**Exercise directions**
The entries that follow should come back exactly, with no pictures among them.

Data records:
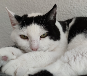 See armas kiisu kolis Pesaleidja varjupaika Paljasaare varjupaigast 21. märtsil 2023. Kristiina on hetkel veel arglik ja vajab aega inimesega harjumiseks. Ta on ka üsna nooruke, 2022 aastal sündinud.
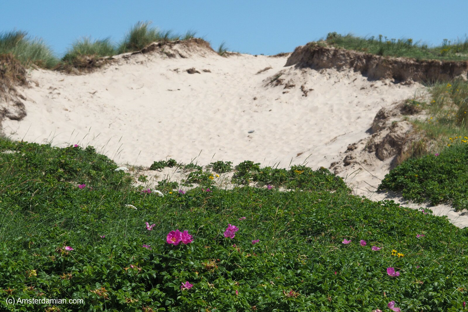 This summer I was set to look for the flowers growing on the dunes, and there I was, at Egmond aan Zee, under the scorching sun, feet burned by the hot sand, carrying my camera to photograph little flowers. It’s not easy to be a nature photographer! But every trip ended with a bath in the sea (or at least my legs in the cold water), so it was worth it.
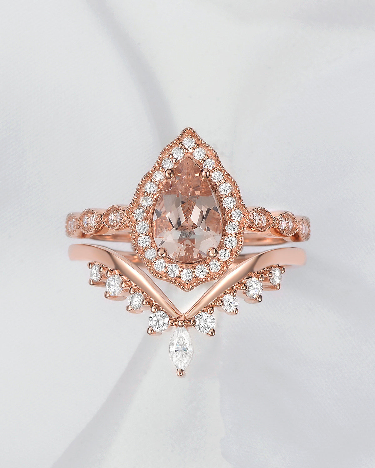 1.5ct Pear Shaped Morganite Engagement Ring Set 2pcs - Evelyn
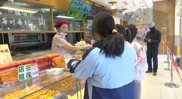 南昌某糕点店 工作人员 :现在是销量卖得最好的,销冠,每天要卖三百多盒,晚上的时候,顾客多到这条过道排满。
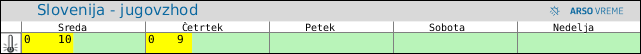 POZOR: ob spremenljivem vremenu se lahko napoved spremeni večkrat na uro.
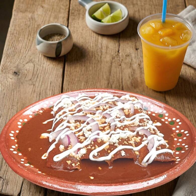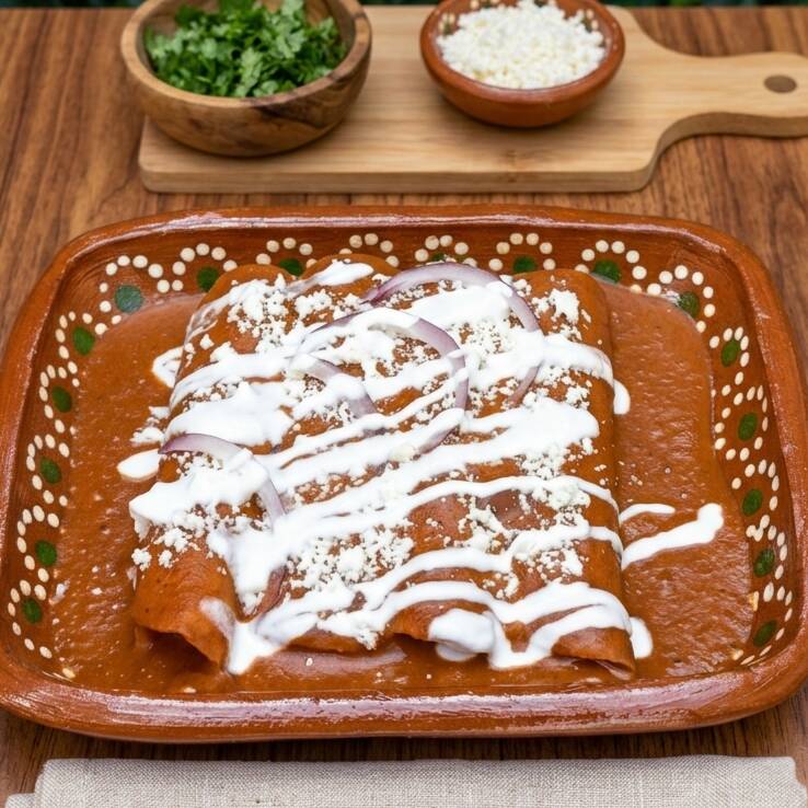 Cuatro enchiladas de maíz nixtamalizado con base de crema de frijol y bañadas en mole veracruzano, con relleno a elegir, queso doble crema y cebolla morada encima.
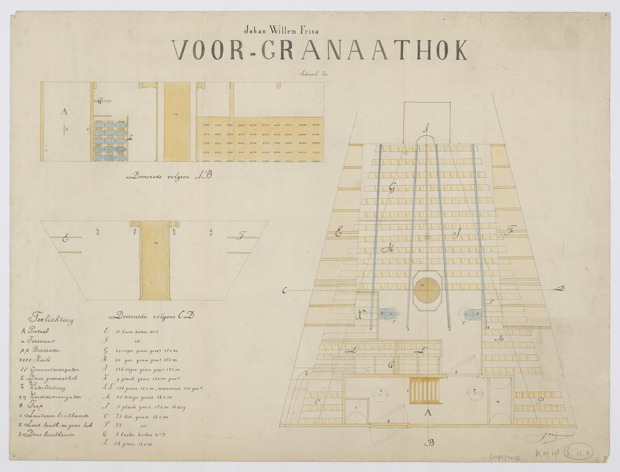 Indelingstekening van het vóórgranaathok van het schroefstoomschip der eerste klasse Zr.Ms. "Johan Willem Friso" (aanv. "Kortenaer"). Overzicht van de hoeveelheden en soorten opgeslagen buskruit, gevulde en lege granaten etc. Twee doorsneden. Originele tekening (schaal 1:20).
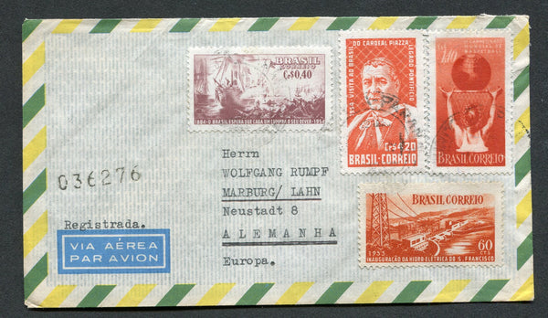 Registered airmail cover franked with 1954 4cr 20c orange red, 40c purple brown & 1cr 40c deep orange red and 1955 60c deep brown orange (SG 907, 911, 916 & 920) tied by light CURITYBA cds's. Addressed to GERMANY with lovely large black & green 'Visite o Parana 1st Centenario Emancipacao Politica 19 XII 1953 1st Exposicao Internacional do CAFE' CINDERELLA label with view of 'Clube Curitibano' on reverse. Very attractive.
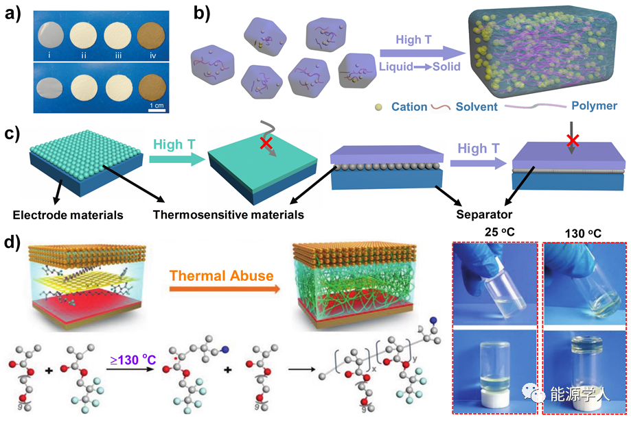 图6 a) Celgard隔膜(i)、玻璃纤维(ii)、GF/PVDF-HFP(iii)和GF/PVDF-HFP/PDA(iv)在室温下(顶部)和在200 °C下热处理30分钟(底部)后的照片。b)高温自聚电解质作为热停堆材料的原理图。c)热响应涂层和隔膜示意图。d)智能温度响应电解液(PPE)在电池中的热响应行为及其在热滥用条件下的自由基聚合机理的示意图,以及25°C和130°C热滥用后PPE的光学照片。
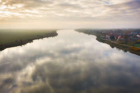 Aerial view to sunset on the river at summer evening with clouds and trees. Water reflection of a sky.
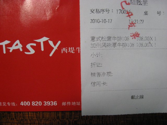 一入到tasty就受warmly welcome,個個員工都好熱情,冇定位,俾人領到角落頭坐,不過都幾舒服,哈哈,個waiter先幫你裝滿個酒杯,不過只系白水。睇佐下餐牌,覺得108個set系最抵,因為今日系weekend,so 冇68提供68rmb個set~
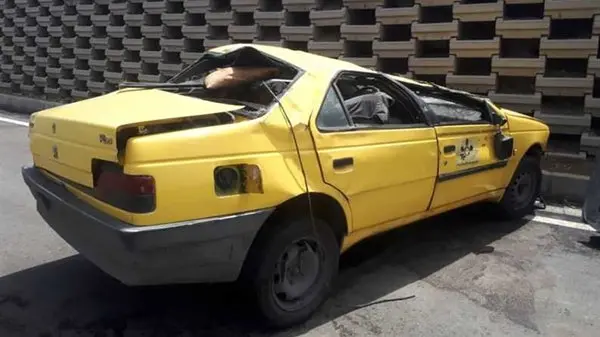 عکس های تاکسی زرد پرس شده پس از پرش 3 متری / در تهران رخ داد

**Answer space**
 See armas kiisu kolis Pesaleidja varjupaika Paljasaare varjupaigast 21. märtsil 2023. Kristiina on hetkel veel arglik ja vajab aega inimesega harjumiseks. Ta on ka üsna nooruke, 2022 aastal sündinud.
 This summer I was set to look for the flowers growing on the dunes, and there I was, at Egmond aan Zee, under the scorching sun, feet burned by the hot sand, carrying my camera to photograph little flowers. It’s not easy to be a nature photographer! But every trip ended with a bath in the sea (or at least my legs in the cold water), so it was worth it.
 1.5ct Pear Shaped Morganite Engagement Ring Set 2pcs - Evelyn
 南昌某糕点店 工作人员 :现在是销量卖得最好的,销冠,每天要卖三百多盒,晚上的时候,顾客多到这条过道排满。
 POZOR: ob spremenljivem vremenu se lahko napoved spremeni večkrat na uro.
 Cuatro enchiladas de maíz nixtamalizado con base de crema de frijol y bañadas en mole veracruzano, con relleno a elegir, queso doble crema y cebolla morada encima.
 Indelingstekening van het vóórgranaathok van het schroefstoomschip der eerste klasse Zr.Ms. "Johan Willem Friso" (aanv. "Kortenaer"). Overzicht van de hoeveelheden en soorten opgeslagen buskruit, gevulde en lege granaten etc. Twee doorsneden. Originele tekening (schaal 1:20).
 Registered airmail cover franked with 1954 4cr 20c orange red, 40c purple brown & 1cr 40c deep orange red and 1955 60c deep brown orange (SG 907, 911, 916 & 920) tied by light CURITYBA cds's. Addressed to GERMANY with lovely large black & green 'Visite o Parana 1st Centenario Emancipacao Politica 19 XII 1953 1st Exposicao Internacional do CAFE' CINDERELLA label with view of 'Clube Curitibano' on reverse. Very attractive.
 图6 a) Celgard隔膜(i)、玻璃纤维(ii)、GF/PVDF-HFP(iii)和GF/PVDF-HFP/PDA(iv)在室温下(顶部)和在200 °C下热处理30分钟(底部)后的照片。b)高温自聚电解质作为热停堆材料的原理图。c)热响应涂层和隔膜示意图。d)智能温度响应电解液(PPE)在电池中的热响应行为及其在热滥用条件下的自由基聚合机理的示意图,以及25°C和130°C热滥用后PPE的光学照片。
 Aerial view to sunset on the river at summer evening with clouds and trees. Water reflection of a sky.
 一入到tasty就受warmly welcome,個個員工都好熱情,冇定位,俾人領到角落頭坐,不過都幾舒服,哈哈,個waiter先幫你裝滿個酒杯,不過只系白水。睇佐下餐牌,覺得108個set系最抵,因為今日系weekend,so 冇68提供68rmb個set~
 عکس های تاکسی زرد پرس شده پس از پرش 3 متری / در تهران رخ داد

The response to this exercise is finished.